Thyroid ultrasound could be used to identify patients who have a low risk of cancer for whom biopsy could be deferred. Based on these results, these findings should be validated in a large prospective cohort.
Ultrasound has replaced nuclear medicine as the most frequently used imaging test of the thyroid.1 The growth in the use of thyroid ultrasound by radiologists, endocrinologists and head and neck surgeons has led to the discovery of large numbers of asymptomatic thyroid nodules, which may occur in 50% or more of adults.2,3 as well as a rapid rise in the diagnosis of thyroid cancer. 4 In contrast, clinically apparent thyroid cancer is rare, affecting 1/10,000 people annually, and fewer than 1% of individuals over the course of their lives.4–6 Because of the high prevalence of nodules, and the rarity of symptomatic cancer, only a minority of thyroid nodules is malignant. Uncertainty about which nodules may harbor cancer and lack of evidence-based management guidelines has resulted in a myriad of conflicting recommendations regarding which nodules warrant biopsy, 6–17,18,19–21 frequent thyroid biopsies, and the over-diagnosis of thyroid cancers that would otherwise likely have remained asymptomatic in the absence of detection.4,22,23
While many studies have analyzed the association between the ultrasound characteristics of thyroid nodules and the risk of thyroid cancer, most studies are small and all limited their analysis to patients who underwent biopsy, where the decision to biopsy was influenced by the ultrasound result. 6–17,18,19–21 This ascertainment bias will overestimate the risk of cancer associated with thyroid biopsy and the accuracy of ultrasound.24–26 The information that is most important to patients and providers managing care includes quantifying the risk of cancer associated with a nodule with a particular imaging characteristic and no prior publication can accurately provide this information. This has hindered the development of an evidence-based strategy for determining which nodules should be biopsied because of an elevated cancer risk. The purpose of this study was to determine the ultrasound characteristics that are associated with cancer, and to use this information for creating a standardized system for interpreting thyroid ultrasound.

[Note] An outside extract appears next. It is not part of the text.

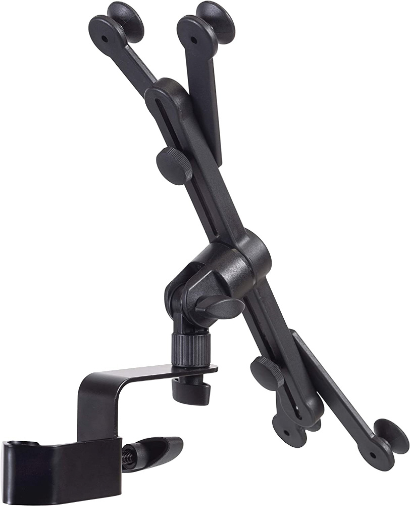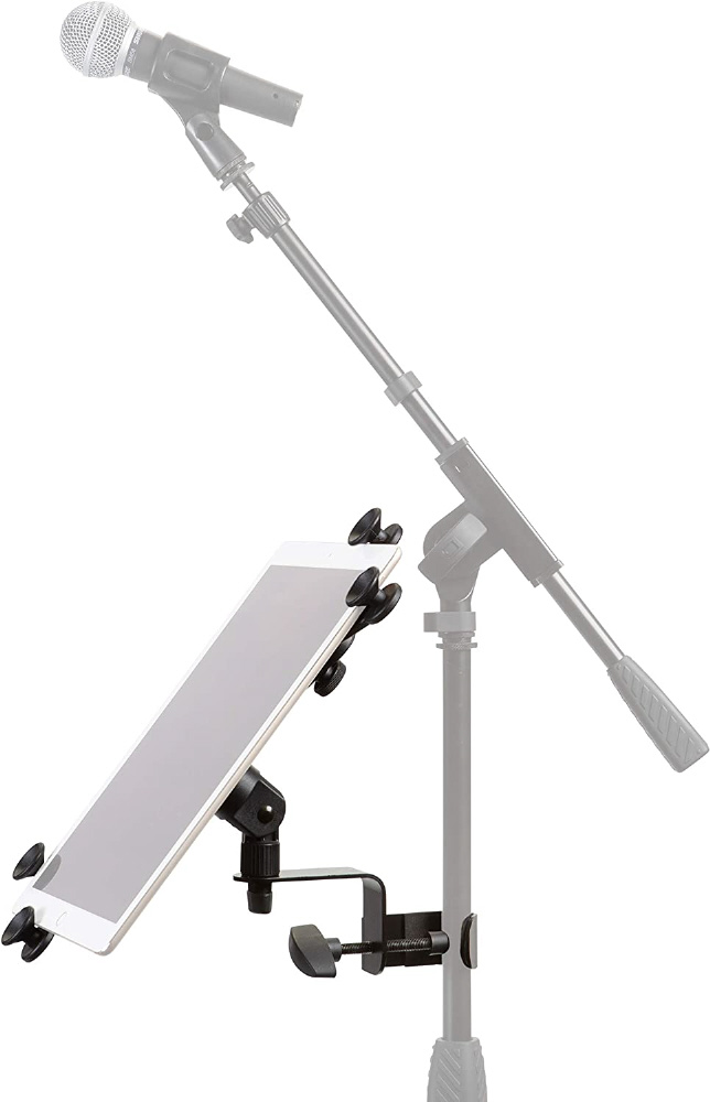 ・様々なサイズのタブレットやスマートフォンをマイクスタンドに固定できるホルダー

We conducted a retrospective, case-control study at the University of California San Francisco (UCSF), including consecutive patients who underwent thyroid ultrasound between January 1st, 2000 and March 30th 2005. A waiver of patient informed consent was obtained. Patients were excluded if they had a prior unilateral or bilateral thyroidectomy for benign or malignant disease.
Cancers identified in the cohort were identified through linkage with the California Cancer Registry (CCR), a population-based cancer registry collecting cancer incidence and mortality data for all of California.27 The Registry is a collaboration between the Cancer Surveillance Section of California Department of Public Health, The Public Health Institute, and eight regional cancer registries, that by legislative mandate, have collected cancer incidence data from hospitals and other facilities across the state since 1988. The registry is certified by the North American Association of Central Cancer Registries (NAACCR) as meeting their highest standard for completeness of cancer ascertainment, reflecting capture of over 97% of cancers diagnosed in the state. 28 We included thyroid cancers diagnosed through March 30, 2007, allowing a minimum 2 years of follow-up after the last enrolled patient’s ultrasound, during which a cancer could be diagnosed, and at least 2 years further follow-up to ensure reporting to the registry.27 Patients diagnosed with non-thyroid malignant neoplasms (other than skin cancer) were excluded to prevent the inclusion of the rare, but theoretically possibly metastatic cancer to the thyroid, as these metastatic cancers would not be captured by the cancer registry. All patients diagnosed with cancer (cases, Table 1) and a sample of patients not diagnosed with cancer (controls), matched four to one to the cancer patients on age, sex and year of the ultrasound exam, were selected for detailed review of the sonogram.
We retrieved and reviewed the ultrasound examinations on 96 (91%) of the cancer patients on the Radiology PACS (Picture Archiving and Communication System) and 369 controls. Each ultrasound examination was reviewed independently by two board-certified radiologists blinded to cancer status. Disagreement was resolved by consensus. For each patient, each reviewer independently recorded the number, size and characteristics of all nodules >5 mm. There was good to outstanding agreement (kappas 0.73 to 1.0) in the categorization of the specific ultrasound characteristics.
In patients selected as controls, all nodules were considered benign. In 43 (44.8%) of cancer patients, a single nodule was identified and it was considered malignant. In 50 cancer patients (52.1%), multiple thyroid nodules were identified. To ensure correct attribution of cancer to the correct nodule, one of the authors was un-blinded, patient records (radiology, pathology, surgery) were reviewed to determine which nodules were malignant. In the small number of cases that we were unable to determine which nodule harbored cancer, all nodules were considered malignant. Nodules in patients never diagnosed with thyroid cancer (n=428) and benign nodules in cancer patients (n=87) were combined to create our final control group of benign nodules (n=515). Note that 3 cancer patients (3.1%) did not have any nodules > 5 mm identified on their ultrasound imaging.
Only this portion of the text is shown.